Not sure I understand the difference between tech and tools. I don't really think that ANY tool can be used for good or ill. I think that is true of most tools, but I see capitalism as a tool, but it's one that's only useful to a certain type of person and only useful to take advantage of others. I can see how you could see the blockchain the same way, especially based on it's historical use so far. But I don't think it's inherent in the blockchain tool like with capitalism. Blockchain to me is like money or any other tracking technology like a spreadsheet. Not things I want to see in my anarchist utopia (as money in any form facilitates resource hoarding) but things I see useful and 100% inherently evil for the time being.
Interesting.

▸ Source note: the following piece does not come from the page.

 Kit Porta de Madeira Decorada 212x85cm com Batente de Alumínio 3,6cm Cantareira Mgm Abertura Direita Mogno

I have an uncommon or unpopular opinion here. I think that if real and lasting anarchism is ever gonna happen, it's going to have to happen globally simultaneously to some degree (and I think it's in-progress now). Global powers will have to all be degrading. I just don't see major countries allowing a significant anarchist region to exist, especially one like the U.S. that has nuclear weapons and a massive military. The remnants of NATO aren't going to just tolerate what to them are a bunch of yahoos with the world's best weapons. Also, I think anarchism only really makes sense globally. If any state, especially any capitalist state remains, they will destroy the world and pull us down with them.

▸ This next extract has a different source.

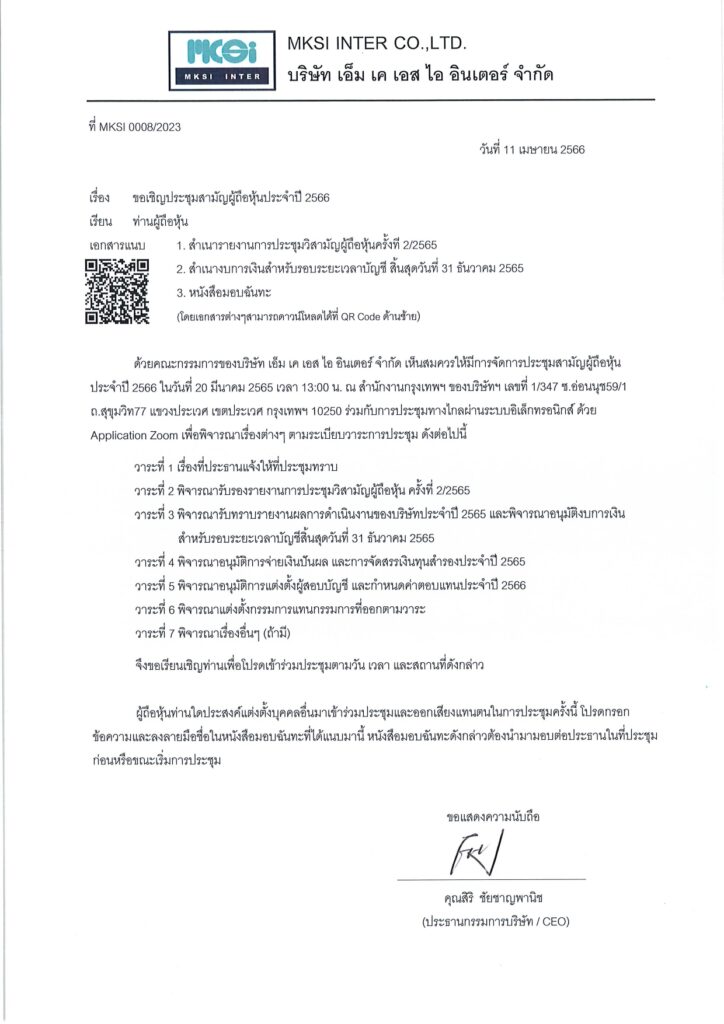 ขอเชิญประชุมสามัญผู้ถือหุ้นประจำปี 2567

Exactly, I see world trade as reduced, regularly eating a fruit that's ripe on the other side of the world just doesn't seem sustainable.
Been wanting to read this one, still on The Dawn Of Everything.
I like that, I'm particularly interested in how to prepare materially and culturally in an attempt to minimize the collateral damage.
Great talking to you comrade, you're seem a wise one.
You’re thinking too rationally now. The thing with NFTs is that it’s not rational at all. Try again.
Basically the transfer function on an erc721 interface (nft) cannot have enforced royalty payment otherwise it wouldn't support people transferring the token outside of a sale. Theoretically you could use some kind of interface standard or write up a different contract where users are forced to pay a royalty on any kind of transfer but then there wouldn't be a way to transfer it without paying the royalty and basically no nft trading platforms would support it because under the hood you have to transfer them the token so they can sell it on your behalf once a buyer is found.
FYI not trying to shill funny pictures but I do know a bit of solidity so maybe someone here is actually curious about the limitation.
Thank you. This is what I wanted to know!